Let's do a mental health check-in. So how is everyone doing? I hope that you are all staying healthy, active, productive and well.


So... How many of you have friends with a single child in the household? Well, you may want to check in on them! Like me, they may have just hopped on that struggle bus.


Real talk:

Well, lately I've been struggling... Struggling emotionally. Today, well, it almost brought me to tears. I felt guilty. I felt helpless. I felt like my super mom powers were insufficient. You know what makes it worst? It's knowing that there are far worst things currently taking place in the world and what i'm feeling may be so insignificant. I am hoping that there are other parents out there with a similar experience. Please don't get me wrong, I have an AMAZING soon to be 4 year old which I often refer to as our "Miracle baby." Because he is just that. I also have a loving and supportive husband, but today I felt alone and buried in my emotions. Have you ever felt that way?
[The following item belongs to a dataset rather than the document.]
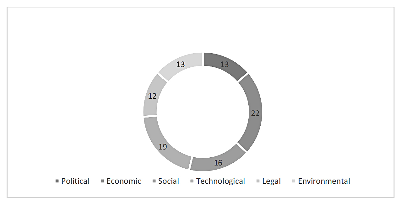 Figure 4 presents the distribution of references supporting the identification of barriers and drivers across PESTLE pillars. The economic dimension dominates (22 references), highlighting investment concerns, funding, and cost-benefit evaluations. Technological factors follow (19 references), reflecting infrastructure readiness and innovation. Social elements (16 references) focus on workforce skills, public perception, and stakeholder support. Legal and environmental pillars (13 each) reflect regulatory pressures and sustainability mandates, while political factors (12 references) relate to governance and public policy. Overall, this distribution underscores the multidimensional nature of port electrification and the value of PESTLE in structuring such analyses.

Let's travel back in time:

Infertility. Yup, I said it.

This is something spoken of a bit more, but not as much as it should be. It's a sensitive subject, but certainly affecting many families... mine included. The hubs and I married at age 30. Although we knew we wanted a family, we also knew that we wanted to wait. Two years later, we started trying. Two years after that, still no baby. after seeking help from a fertility clinic, we learned that I had about 5% chance of conceiving due to not being able to ovulate. Time went by full of treatments, shots, medication, procedures, prayers, the few friends and family that knew would ask questions and try to give words of encouragement. As time passed the questions and those words full of love felt like razor blades to my heart. I started to question God. I was tired and drained. For those fighting this battle, God is listening to your silent cry. DON'T LOSE HOPE.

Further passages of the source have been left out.